(AVAILABLE DATA Opens)
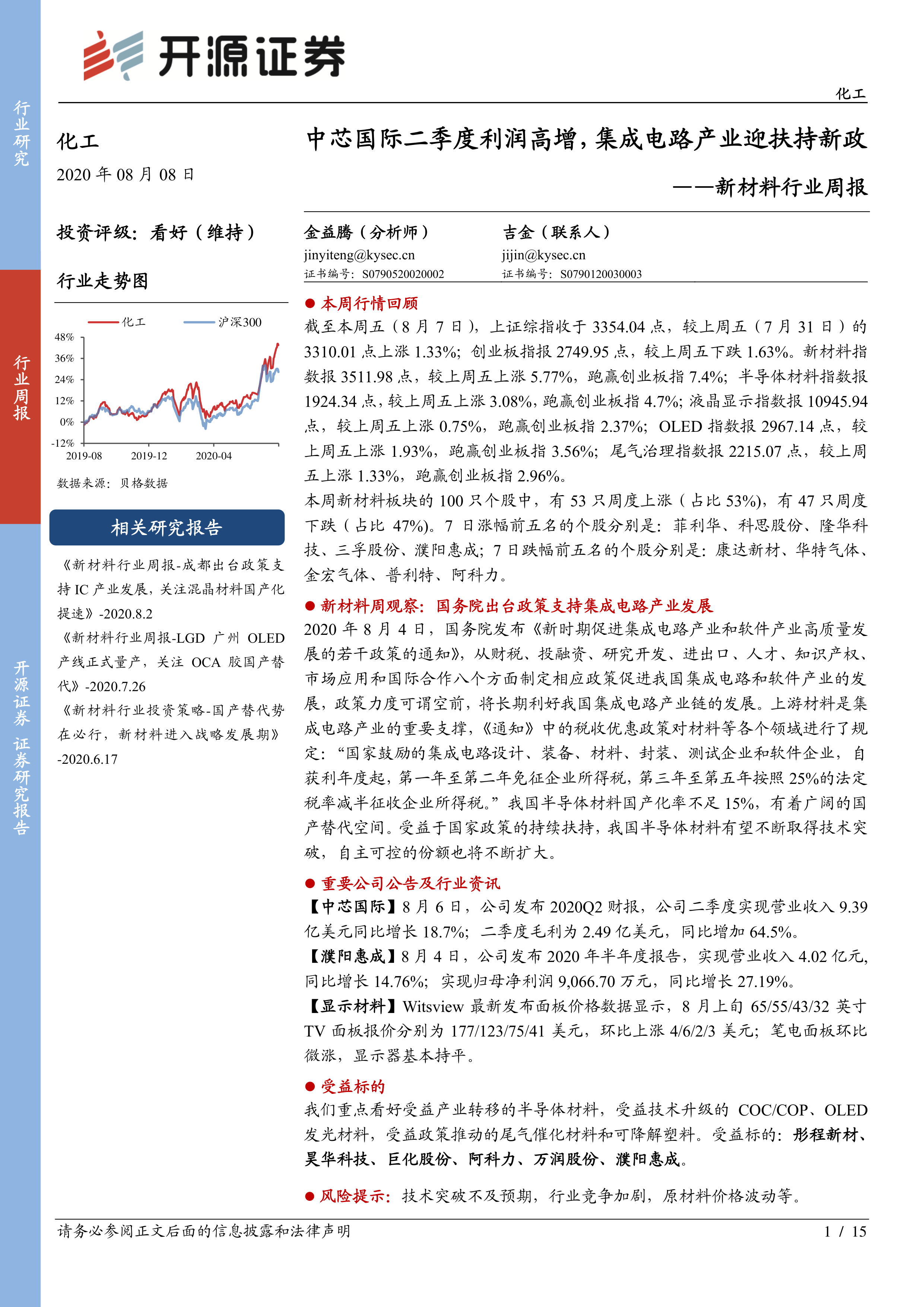 新材料行业周报:中芯国际二季度利润高增,集成电路产业迎扶持新政
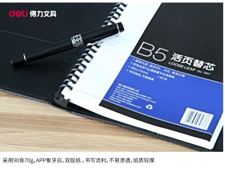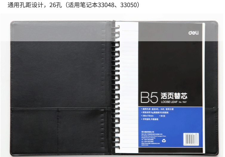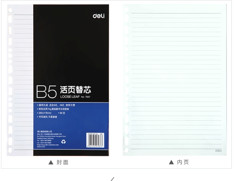 商品名称:得力(deli)16K90张活页本册替芯 9孔26孔记事本笔记本子内页 7937
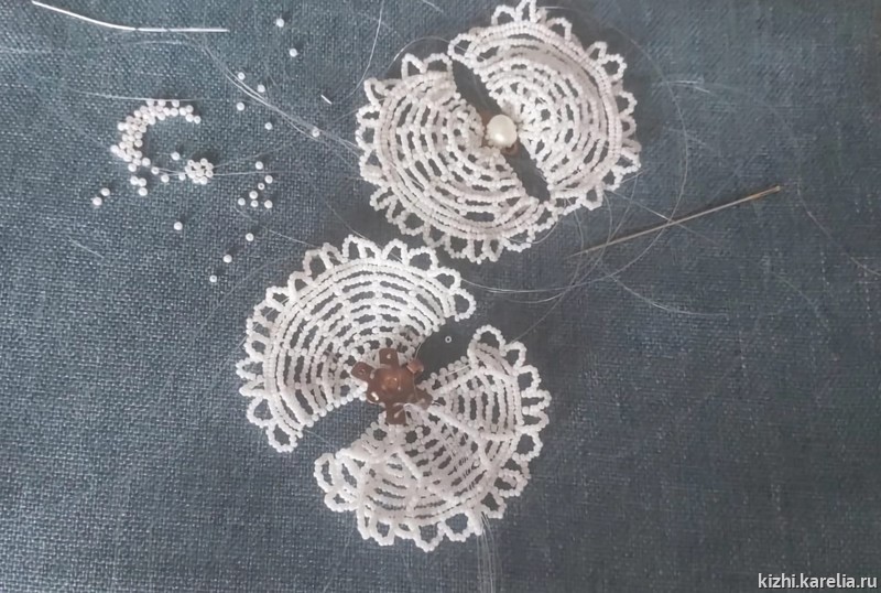 Когда первая пара основ была готова, к работе над серьгами приступила Надежда Панькова. Изучив различные способы оплетения основ, «разобрав» образцы с фотографий на схемы, подобрав материал, мастерица принялась за работу. Оказалось, что конский волос из фондовых образцов подвержен быстрому разрушению, поэтому было принято решение заменить его леской. Она не столь упруга, как конский волос, и доставила немало хлопот, но результат был достоин трудов — мелкие бисеринки выстраивались ряд за рядом ажурными петельками.
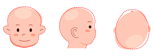 아기머리를 위에서 아래로 보았을 때 아기의 뒷머리 전체가 납작하며, 좌,우측 측면에서 보았을 때 정수리 상단으로 머리모양이 솟는 모양
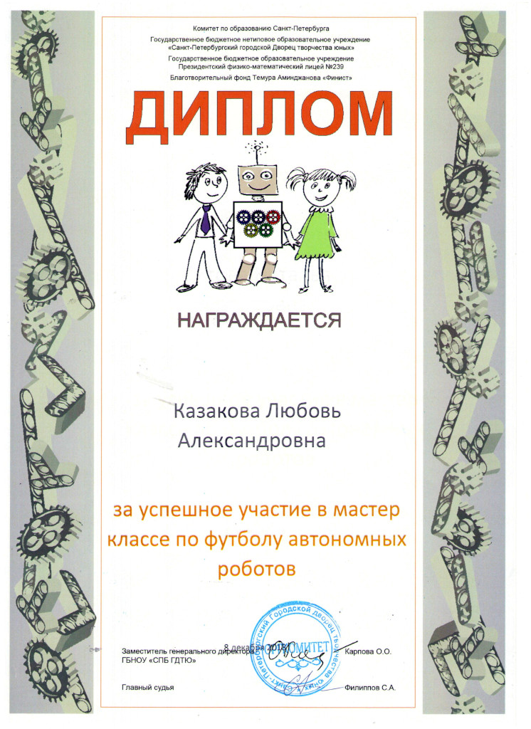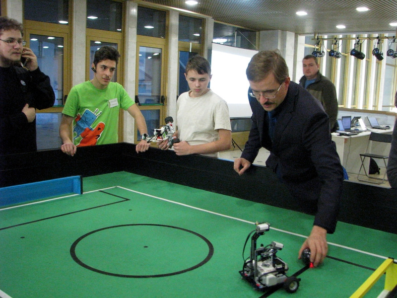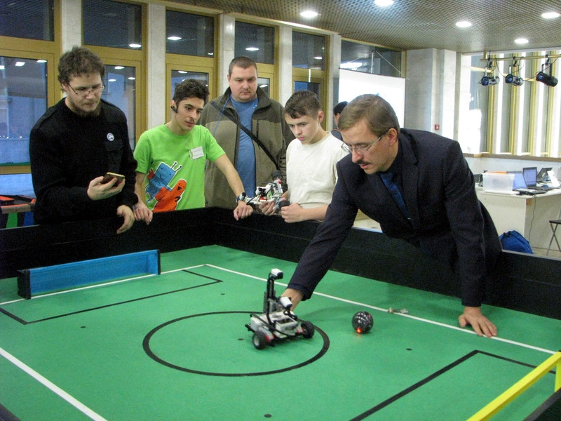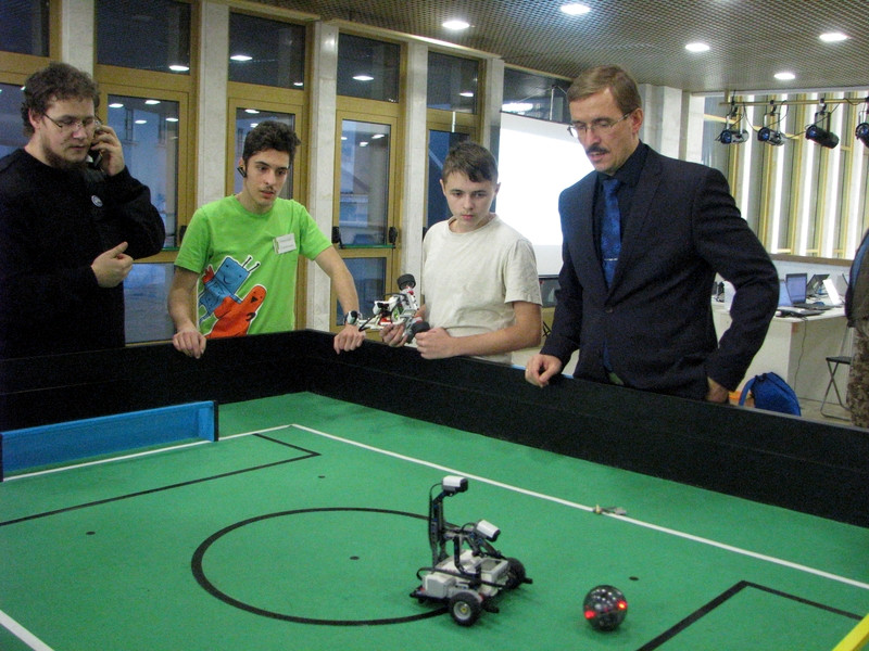 На соревнованиях также был проведен мастер-класс по «Автономному футболу роботов». Участниками этого мастер-класса стали Казакова Любовь Александровна и Журавлев Афанасий. Это новое перспективное направление робототехники, которое сейчас только начинает развиваться наша задача идти в ногу со временем.
(AVAILABLE DATA Closes)
EXERCISE: Return exactly the lines of the data, beginning with the first and ending with the line containing "아기머리를 위에서 아래로". Skip the pictures.

THE ANSWER:
 新材料行业周报:中芯国际二季度利润高增,集成电路产业迎扶持新政
 商品名称:得力(deli)16K90张活页本册替芯 9孔26孔记事本笔记本子内页 7937
 Когда первая пара основ была готова, к работе над серьгами приступила Надежда Панькова. Изучив различные способы оплетения основ, «разобрав» образцы с фотографий на схемы, подобрав материал, мастерица принялась за работу. Оказалось, что конский волос из фондовых образцов подвержен быстрому разрушению, поэтому было принято решение заменить его леской. Она не столь упруга, как конский волос, и доставила немало хлопот, но результат был достоин трудов — мелкие бисеринки выстраивались ряд за рядом ажурными петельками.
 아기머리를 위에서 아래로 보았을 때 아기의 뒷머리 전체가 납작하며, 좌,우측 측면에서 보았을 때 정수리 상단으로 머리모양이 솟는 모양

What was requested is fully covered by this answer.